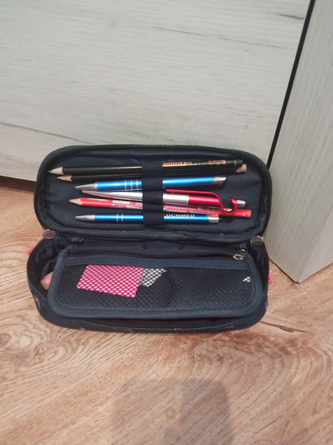 AUTOR•Zajebioszczy piórnik w jednorożce i jakieś pierwsze lepsze długopisy i ołówki z pokoju, oczywiście zakreślacze których nie używam, jakieś karteczki, 4 kredki o podstawowych kolorach, nożyczki i linijka (klej kupię jutro albo będę cyganić od klasy)
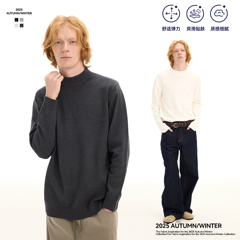 UNF 老钱风cleanfit舒适简约软糯针织毛衣半高领保暖打底秋冬男女
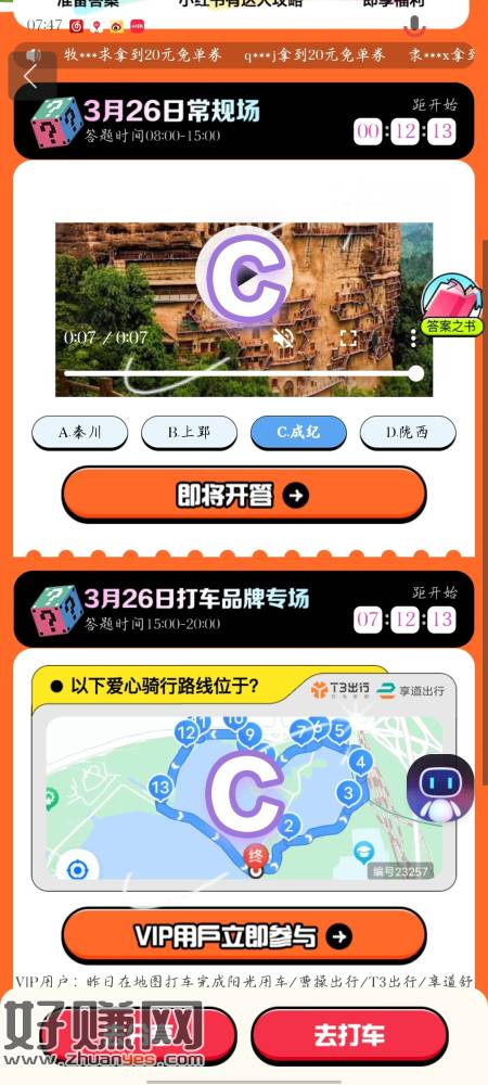 百度地图APP搜索“打车预言家”->选择答案答题得5~30亓打车券,券仅限当天可用
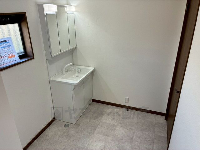 三面鏡裏収納付き洗面化粧台です^^ 歯磨きセットやスキンケア用品などの収納に便利ですね。 生活感も隠すことができ、来客時にも安心です。
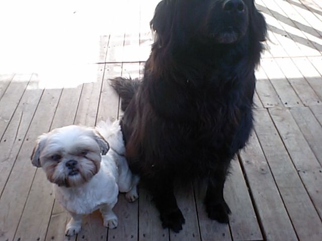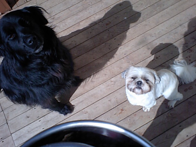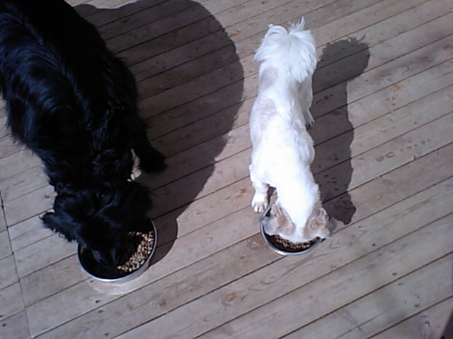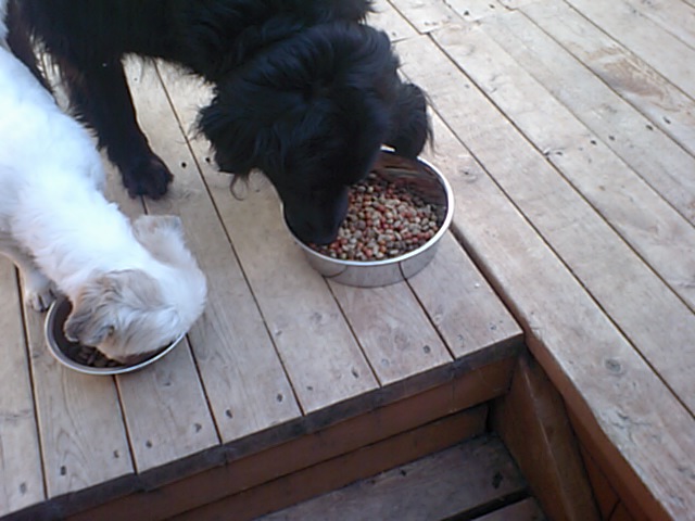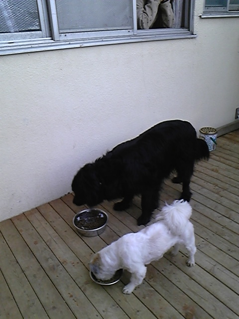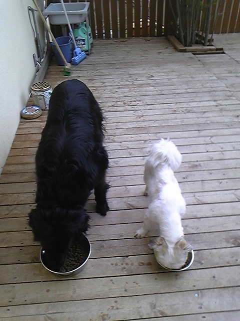 ボーダーのサエノスケ君とシーズーのラッキー君、仲良く完食しました。
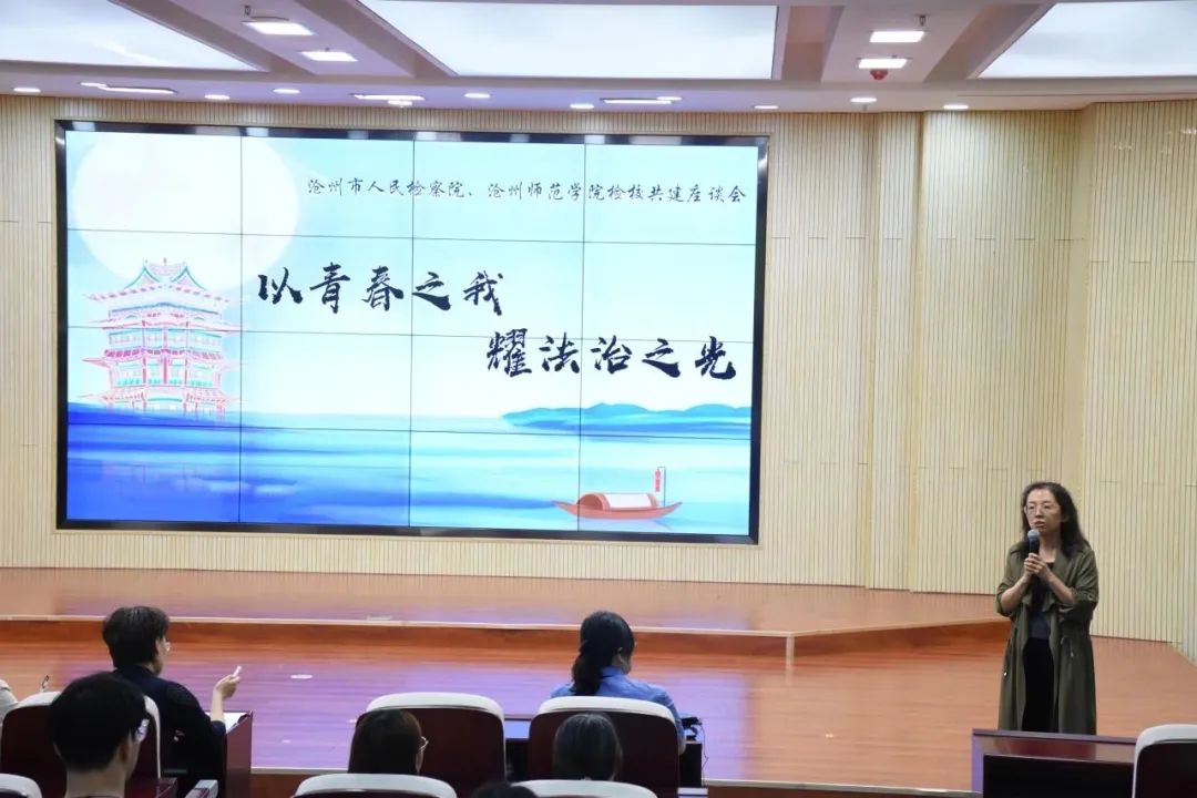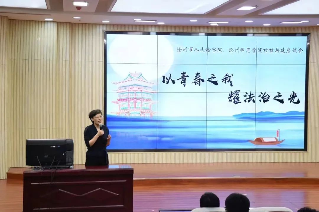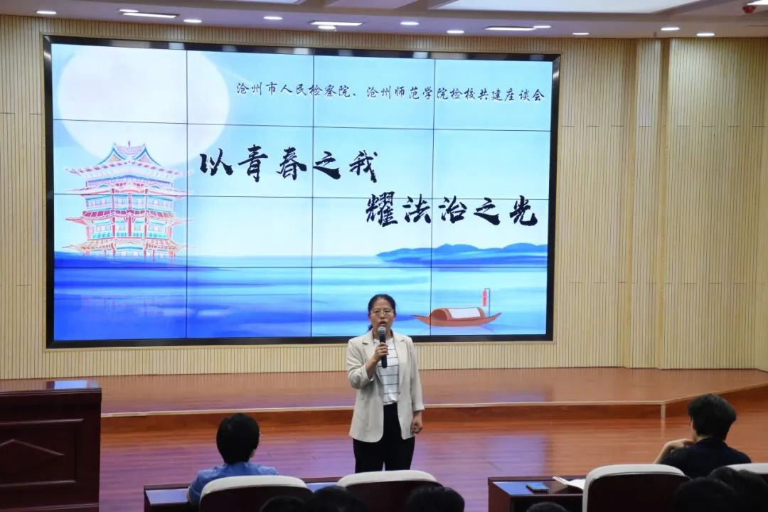沧州市人民检察院第八检察部主任张君慧带领该部门工作人员与威尼斯官网干部师生就学生实习实训、检校合作等问题进行交流。
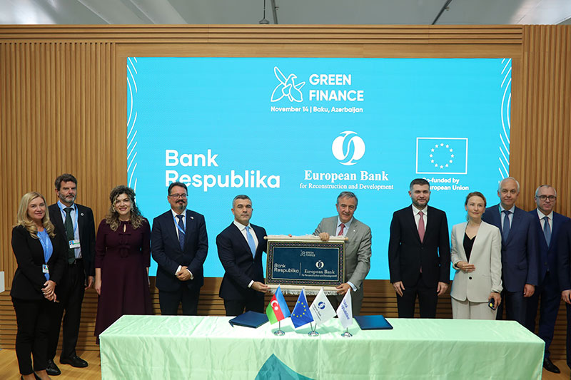 Bank Respublika və EBRD COP29 çərçivəsində yaşıl kredit sazişi imzalayıb. Beynəlxalq maliyyə qurumu Bank Respublika üçün 3 illik müddətə 7,5 milyon ABŞ dolları məbləğində sintetik kredit ayıracaq. Bank "yaşıl" kredit götürən sahibkarlara keşbek verəcək!Azərbaycanın ən böyük kommersiya banklarından biri olan Bank Respublika və Avropa Yenidənqurma və İnkişaf Bankı (EBRD), BMT-nin İqlim Dəyişmələri üzrə Çərçivə Konvensiyasının Tərəflər Konfransının 29-cu sessiyası (COP29) çərçivəsində Azərbaycanda yaşıl layihələrin maliyyələşdirilməsi üçün kredit sazişi imzalayıblar.

^^^^

→ What the task asks
Pictures stay out; print everything else in the data exactly.

→ Exercise response
 AUTOR•Zajebioszczy piórnik w jednorożce i jakieś pierwsze lepsze długopisy i ołówki z pokoju, oczywiście zakreślacze których nie używam, jakieś karteczki, 4 kredki o podstawowych kolorach, nożyczki i linijka (klej kupię jutro albo będę cyganić od klasy)
 UNF 老钱风cleanfit舒适简约软糯针织毛衣半高领保暖打底秋冬男女
 百度地图APP搜索“打车预言家”->选择答案答题得5~30亓打车券,券仅限当天可用
 三面鏡裏収納付き洗面化粧台です^^ 歯磨きセットやスキンケア用品などの収納に便利ですね。 生活感も隠すことができ、来客時にも安心です。
 ボーダーのサエノスケ君とシーズーのラッキー君、仲良く完食しました。
沧州市人民检察院第八检察部主任张君慧带领该部门工作人员与威尼斯官网干部师生就学生实习实训、检校合作等问题进行交流。
 Bank Respublika və EBRD COP29 çərçivəsində yaşıl kredit sazişi imzalayıb. Beynəlxalq maliyyə qurumu Bank Respublika üçün 3 illik müddətə 7,5 milyon ABŞ dolları məbləğində sintetik kredit ayıracaq. Bank "yaşıl" kredit götürən sahibkarlara keşbek verəcək!Azərbaycanın ən böyük kommersiya banklarından biri olan Bank Respublika və Avropa Yenidənqurma və İnkişaf Bankı (EBRD), BMT-nin İqlim Dəyişmələri üzrə Çərçivə Konvensiyasının Tərəflər Konfransının 29-cu sessiyası (COP29) çərçivəsində Azərbaycanda yaşıl layihələrin maliyyələşdirilməsi üçün kredit sazişi imzalayıblar.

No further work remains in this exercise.